Fixing upside-down tax breaks should be a no-brainer, but…

William Gale, co-director of the Tax Policy Center, has dusted off a five-year-old plan to convert tax deductions for retirement savings into flat-rate refundable credits. Gale’s new proposal, like the one he co-wrote in 2006 with Jonathan Gruber and Peter Orszag, would make 401(k) subsidies less skewed toward high-income households.

In the new paper, Gale proposes a version that would raise tax revenues by $450 billion over 10 years by reducing the proposed government match from a revenue-neutral 30 percent to a revenue-raising 18 percent. These savings, which would come primarily from cutting tax breaks for households in the top income quintile, could stave off deeper cuts to other government programs or fund the president’s proposed jobs bill.

This seems like a no-brainer, and from a pure policy perspective, it is. Current tax breaks are very poorly targeted. For the same dollar contribution to a 401(k), high-income taxpayers in the 35 percent tax bracket get a tax break that’s three-and-a-half times larger than the tax break received by moderate-income taxpayers in the 10 percent bracket. Combined with the fact that high-income households can afford to save more, the result is that an estimated two-thirds of these tax breaks go to households in the top 20 percent of the income distribution. And since most high-income households are already saving, they can simply steer funds into tax-favored accounts, which is why “tax break” rather than “tax incentive” is the more accurate term.

Gale touts his plan as a progressive one, and in a sense it is, since it would reduce the cost of a highly regressive tax break while potentially easing the pressure on essential government programs. But there’s a difference between “less regressive” and “progressive.” Most of the subsidies would still flow to high-income households who can afford to save more and who also tend to get more help from their employers.

An 18% government match will not change the fact that high-fee, high-risk, 401(k)s are not an affordable retirement vehicle for low-income or even middle-income families. And since the funds are still taxed when they’re tapped for retirement, the value of the tax break remains tied to investment returns. (It helps to think of the tax break as a no-interest loan from the government, the value of which depends on how much you make investing the funds). This also tends to favor higher-income households who can afford to take on more risk.
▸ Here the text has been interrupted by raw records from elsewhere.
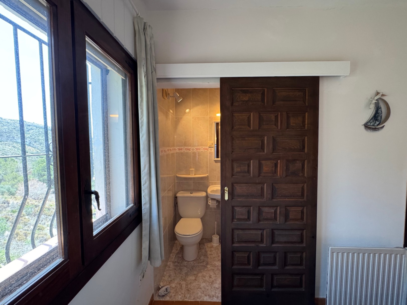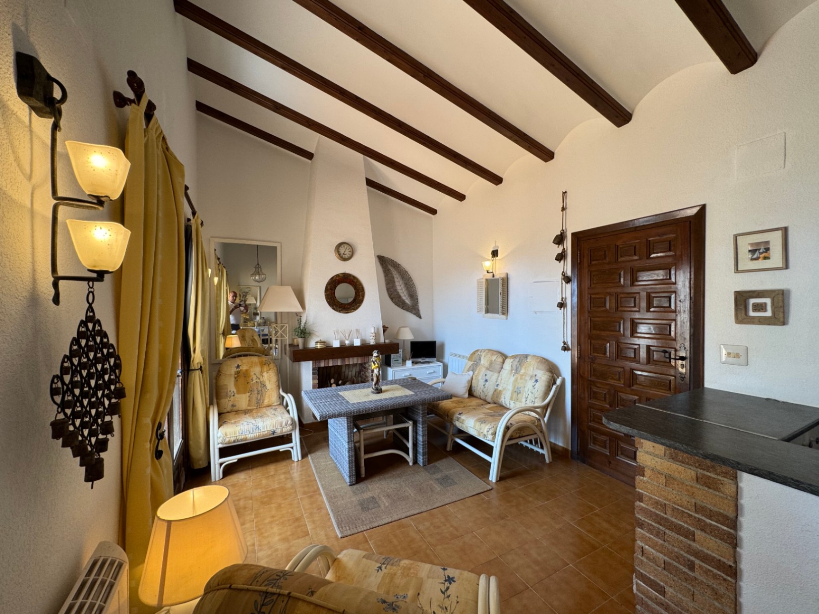El apartamento (63 m2) se distribuye de la siguiente manera, subiendo escalones accedemos a la terraza de entrada, porchecito de entrada, cocina con barra americana, salón-comedor con chimenea, salida a otro porche (9 m2) y a una gran terraza de 25 m2 con espectaculares vistas al mar y panorámicas, aquí en la terraza hay 1 trastero y un lavadero, 2 dormitorios dobles, uno de ellos con un pequeño en-suite aseo con ducha y otro aseo con ducha familiar. Debajo de la terraza hay otro trastero. Radiadores eléctricos
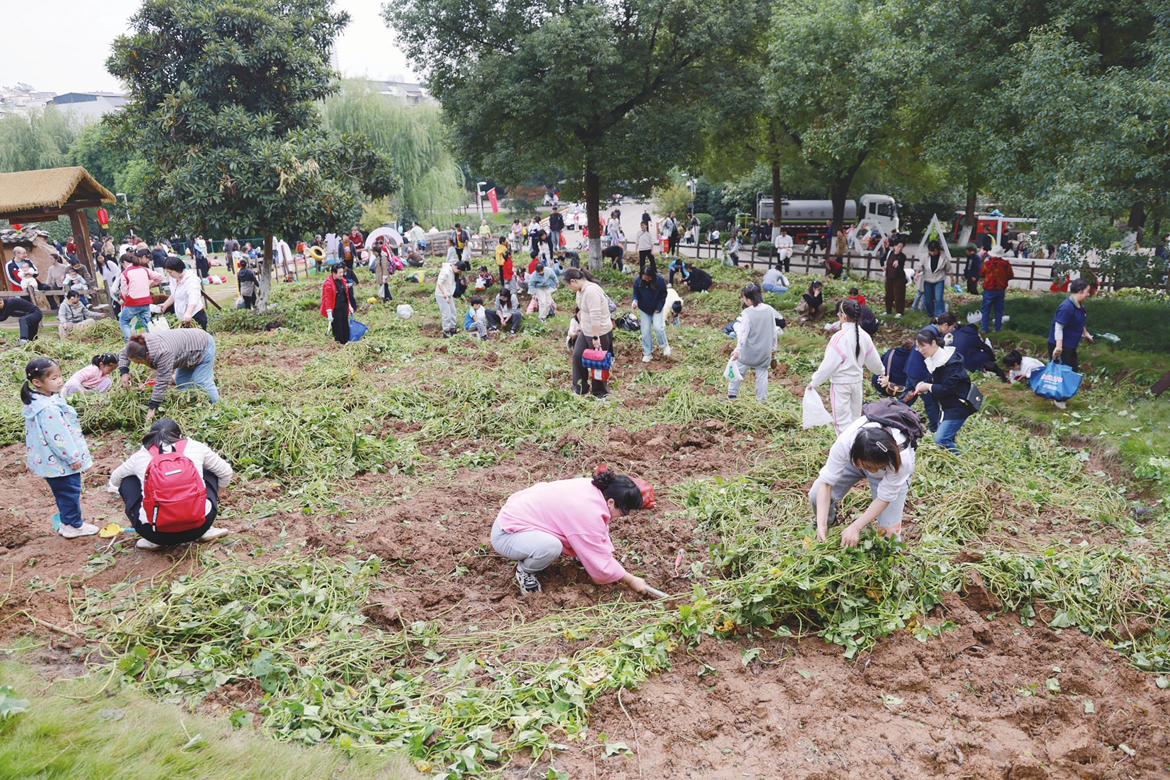 11月1日,宜昌城区运河公园慢漫园举办“一日农夫” 活动,吸引许多市民带着孩子来到这里体验劳动的不易与丰收的喜悦。图为市民在挖红薯。(记者黄翔 摄)
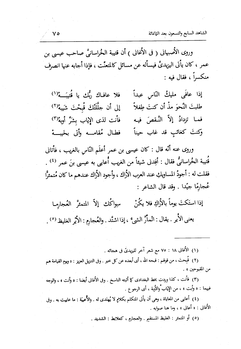 وروى الْأَصْبَهَانِيّ فِي الأغاني أَن قُتَيْبَة الْخُرَاسَانِي صَاحب عِيسَى بن عمر

If Gale’s plan isn’t a solution to the retirement crisis facing our country, isn’t it at least an improvement over the current system? Certainly, as long as it’s not oversold. Tweaking a broken system can forestall more far-reaching reforms. (This might partly explain why Orszag, in his new role as a Citigroup vice chairman, is still free to tout the plan). A more imminent concern is the fact that Gale promoted his plan at a recent Senate hearing as a way to help soften the blow of what he characterized as unavoidable Social Security cuts.

It’s also too bad that Gale proposed a lower government match rather than reducing the contribution limit. The 2001 Bush tax cuts increased the contribution limit from $10,500 to $15,000 and introduced a higher “catch-up” contribution for older workers (these limits are now indexed for inflation). Few middle-class households can afford to contribute $10,500, let alone the current limit of $16,500 (or $22,000 for those 50 and older). Lowering these limits but keeping the 30 percent match would be more progressive and have a real incentive effect, as middle-income households might actually increase their retirement saving, as opposed to high-income households simply shifting money around.